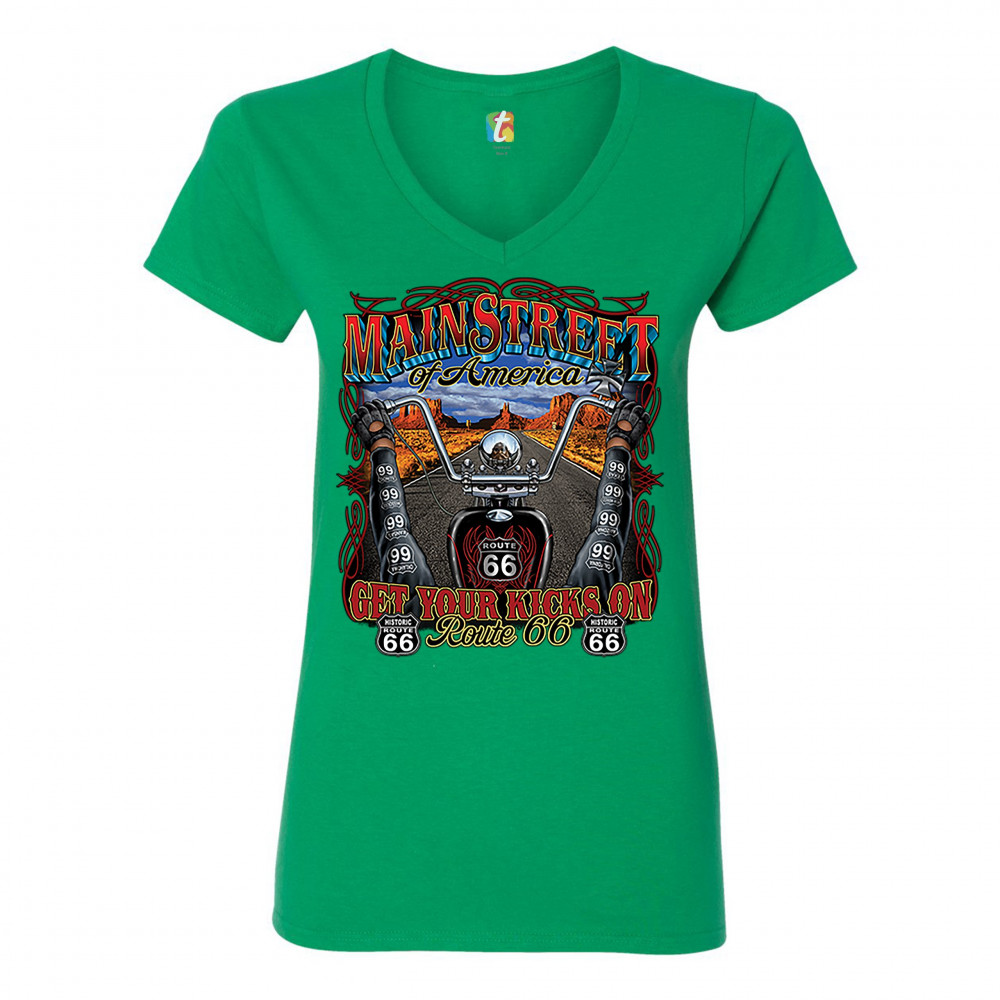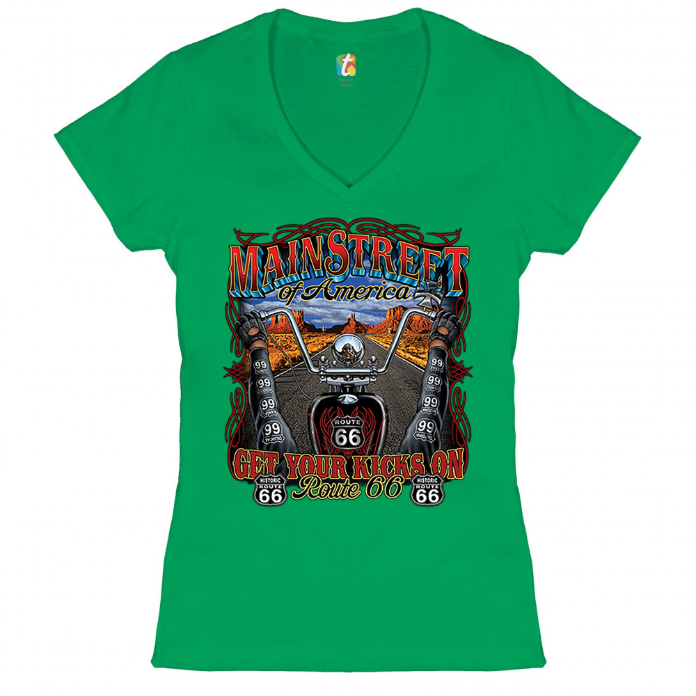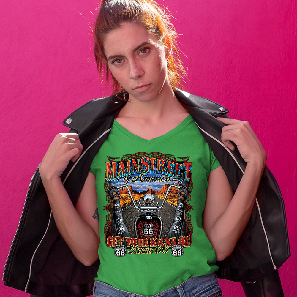 A print featuring a POV of a biker riding a chopper on a Route 66. There are are numerous "Route 66" and "Historic Route 66" signs all over the print and the print says: "Main street of America" and "Gwt your kicks on Route 66". A great choice for a motor
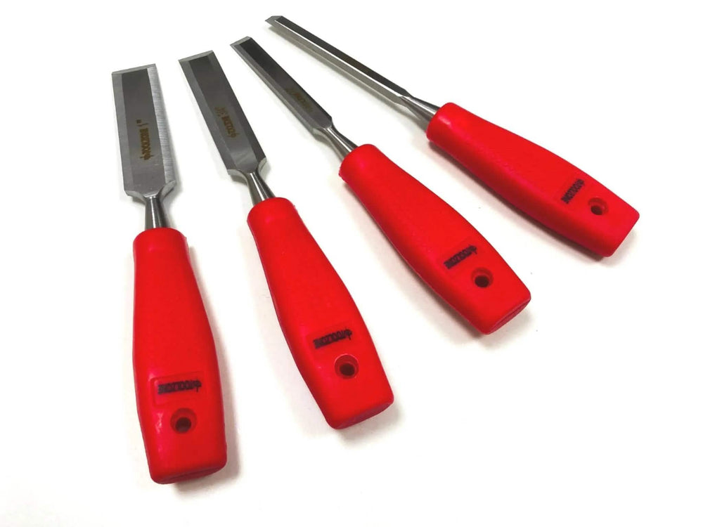 4 Piece Wood Chisel Set with impact-resistant plastic handles
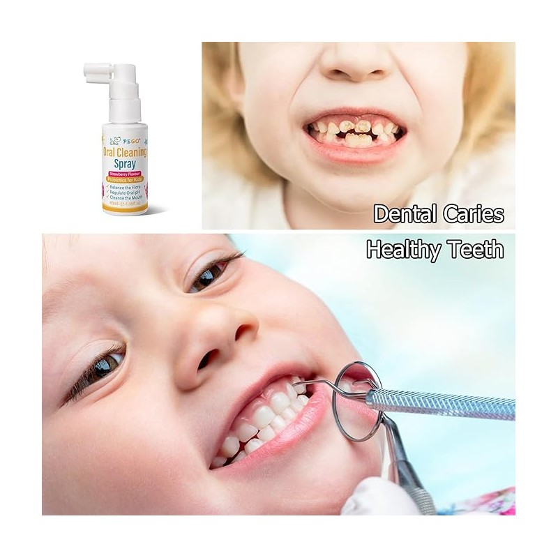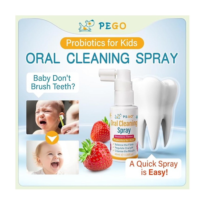 PEGO Kids Oral Spray, Toddler Toothpaste Helper for Cavity Prevention and Fresh Breath, Children Anticavity with Fluoride Free for Newborn to Preschoolers, Kid's Mouth Spray (40ml*1/Pcs)
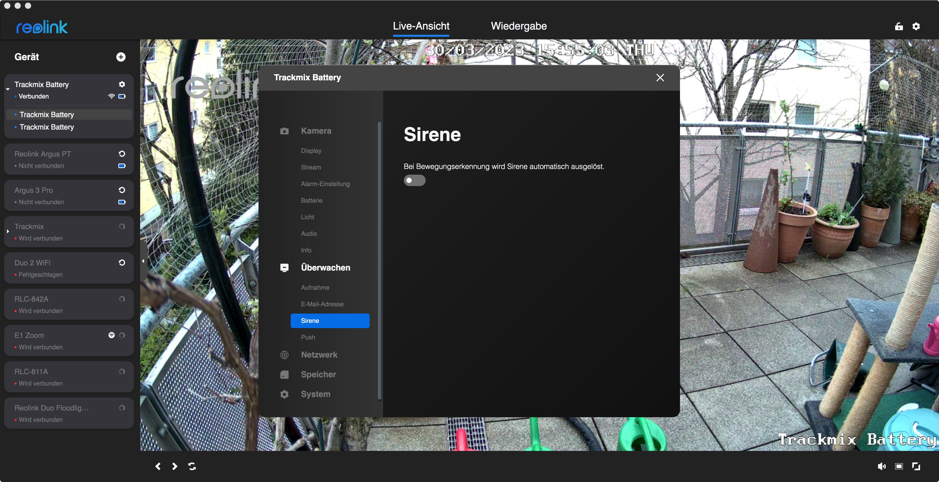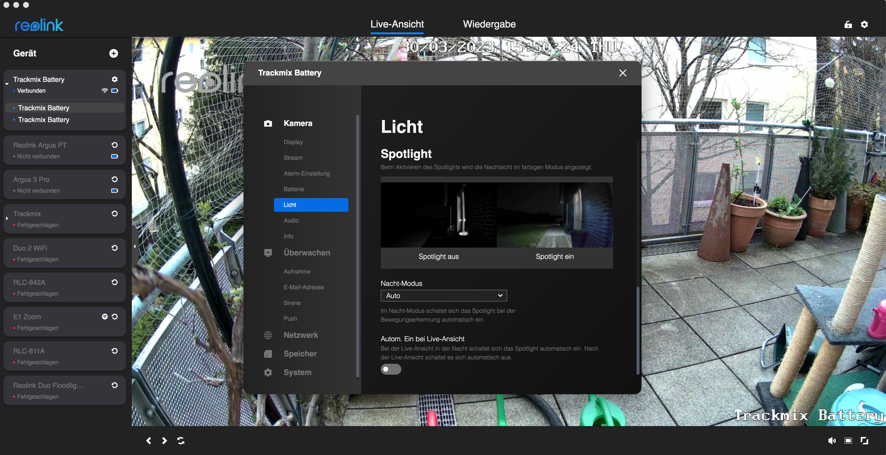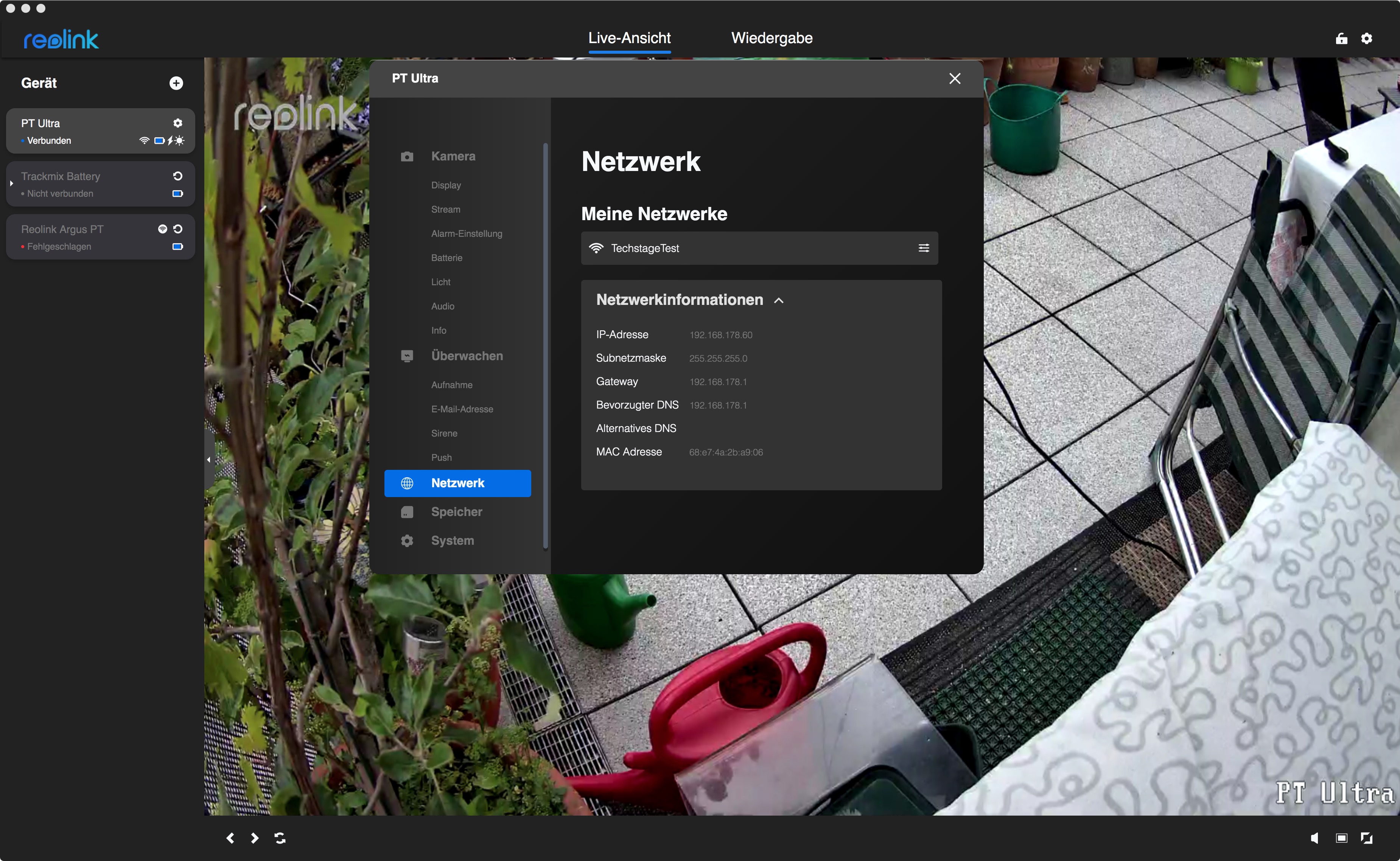 Im Test mit dem Telekom-Mobilfunknetz arbeitet die Reolink zuverlässig. Verbindungsabbrüche gibt es keine. Auch steht der Livestream schnell parat und die Benachrichtigungen über Alarme erreichen uns unverzüglich – entweder per E-Mail oder Push.

◆ **YOUR GOAL**
Starting with the line that contains "PEGO Kids Oral", reproduce every line down to the end of the listing above, both endpoints included. Pictures stay out.

◆ **TASK SOLUTION**
 PEGO Kids Oral Spray, Toddler Toothpaste Helper for Cavity Prevention and Fresh Breath, Children Anticavity with Fluoride Free for Newborn to Preschoolers, Kid's Mouth Spray (40ml*1/Pcs)
 Im Test mit dem Telekom-Mobilfunknetz arbeitet die Reolink zuverlässig. Verbindungsabbrüche gibt es keine. Auch steht der Livestream schnell parat und die Benachrichtigungen über Alarme erreichen uns unverzüglich – entweder per E-Mail oder Push.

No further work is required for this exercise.